Linear dependency of polynomials question

Solution 1:

You need to know whether there are scalars $c_1$, $c_2$, $c_3$ not all $0$ such that $c_1p_1+c_2p_2+c_3p_3=0$. So: $$ \begin{align} & c_1p_1(x)+c_2p_2(x)+c_3p_3(x) \\[6pt] = {} & c_1 (2-x^2)+c_2(3x)+c_3(x^2+x-2) \\[6pt] = {} & (c_3-c_1)x^2 + (3c_2 + c_3)x + 2(c_1-c_3) \\[6pt] = {} & 0 \text{ for all }x. \end{align} $$ That means you need $$ \begin{align} c_3-c_1& =0 \\[6pt] 3c_2 + c_3 & =0 \\[6pt] 2(c_1-c_3) & =0 \end{align} $$ The question is whether than can happen if at least one of the numbers $c_1,c_2,c_3$ is not $0$. And the answer is "yes", as you should be able to figure out from there.

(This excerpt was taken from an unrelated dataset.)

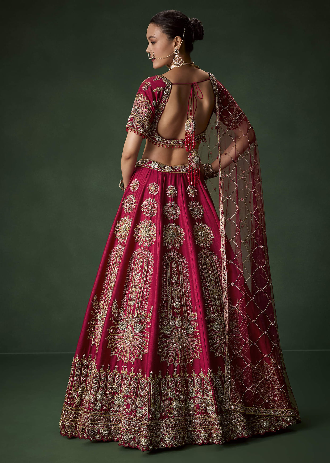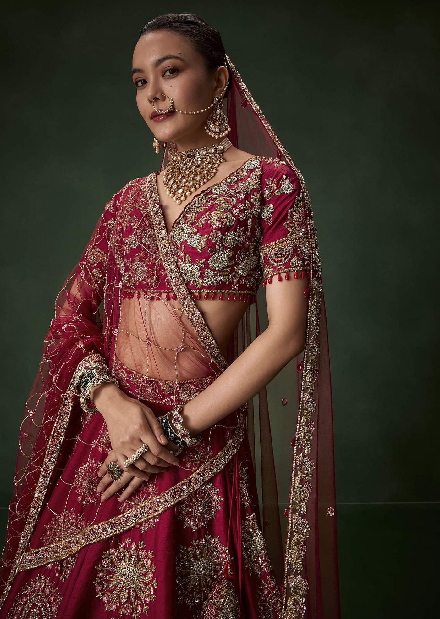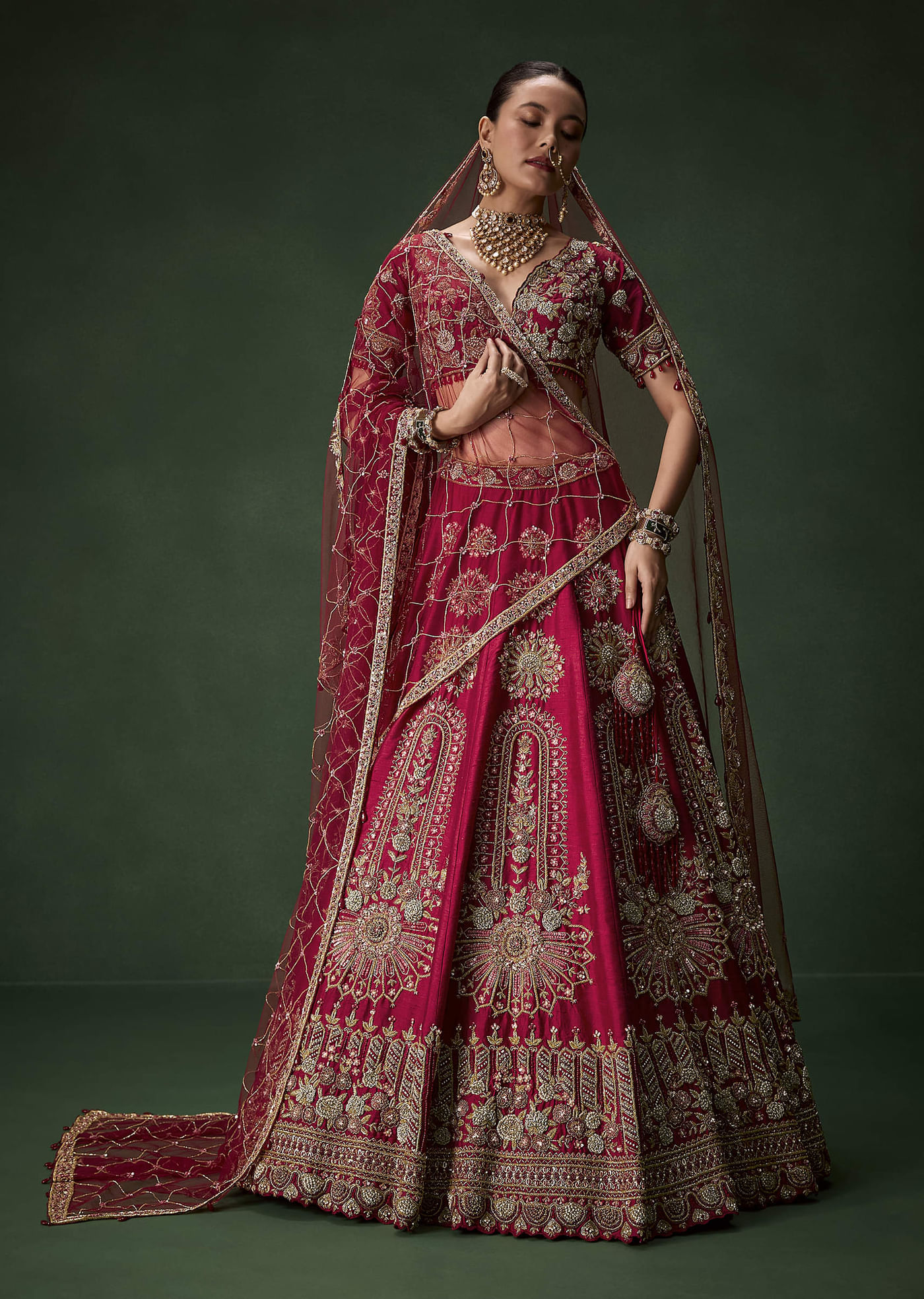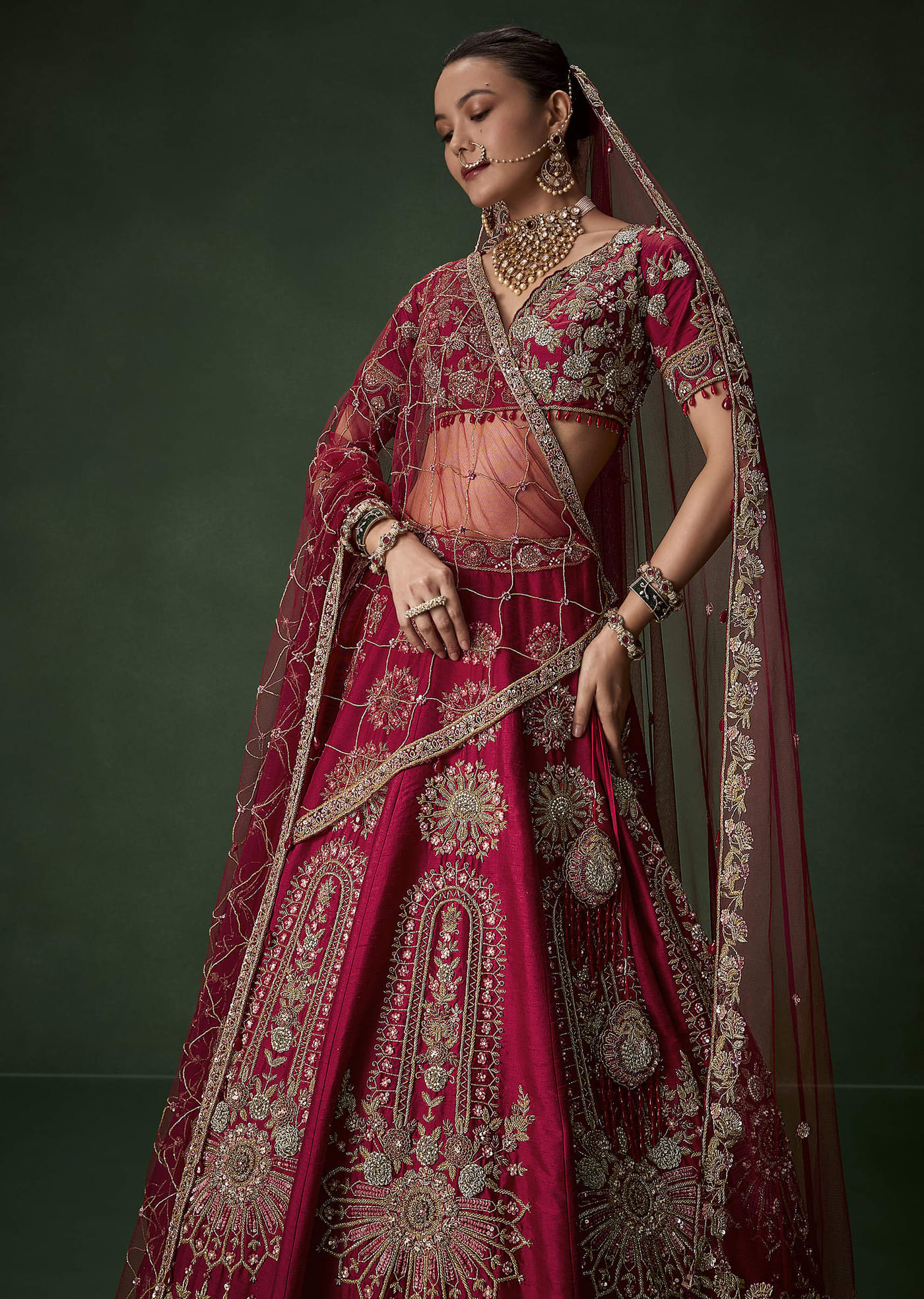 A masterpiece of bridal grandeur, this red silk lehenga set embodies timeless elegance with modern craftsmanship. Intricately adorned with shimmering sequin and cutdana work, the richly textured ensemble catches the... More Product Details

Therefore they are linearly dependent.

Three members of a $3$-dimensional vector space cannot span the space unless they're linearly independent. (More than three can, in some cases.)

Solution 2:

$\{1,x,x^2\}$ form a basis for the space of quadratic polynomials, and you can represent your polynomials as vectors in terms of this basis. Therefore you simply need to determine whether the matrix $$\left(\begin{matrix}-1 & 0 & 2\\0 & 3&0\\1&1&-2\end{matrix}\right)$$is invertible. Plainly it is not.

Solution 3:

Assuming that $P^{(2)}$ represents all polynomials over some field of degree less than or equal to $2$, then your questions are the same, because the dimension of $P^{(2)}$ is $3$, so if the given polynomials are linearly independent, they must form a basis of $P^{(2)}$ and hence span it.

To answer the question of linear independence, we can associate each polynomial to a vector by taking it's leading coefficients. The vectors obtained in this way are $(-1,0,2)$, $(0,3,0)$, and $(1,1,-2)$. To see that these vectors are linearly independent, compute the determinant of the matrix they determine: $$\begin{pmatrix} -1&0&2\\ 0&3&0\\ 1&1&-2 \end{pmatrix}$$

It turns out that the determinant of this matrix is zero, so the vectors are not linearly independent. A dependence relation is given by:

$$3p_1(x)-p_2(x)+3p_3(x)=0$$

Solution 4:

We could do it "by inspection." Add the first and the third.

So we have $3$ vectors, not independent. They cannot span a $3$-dimensional space.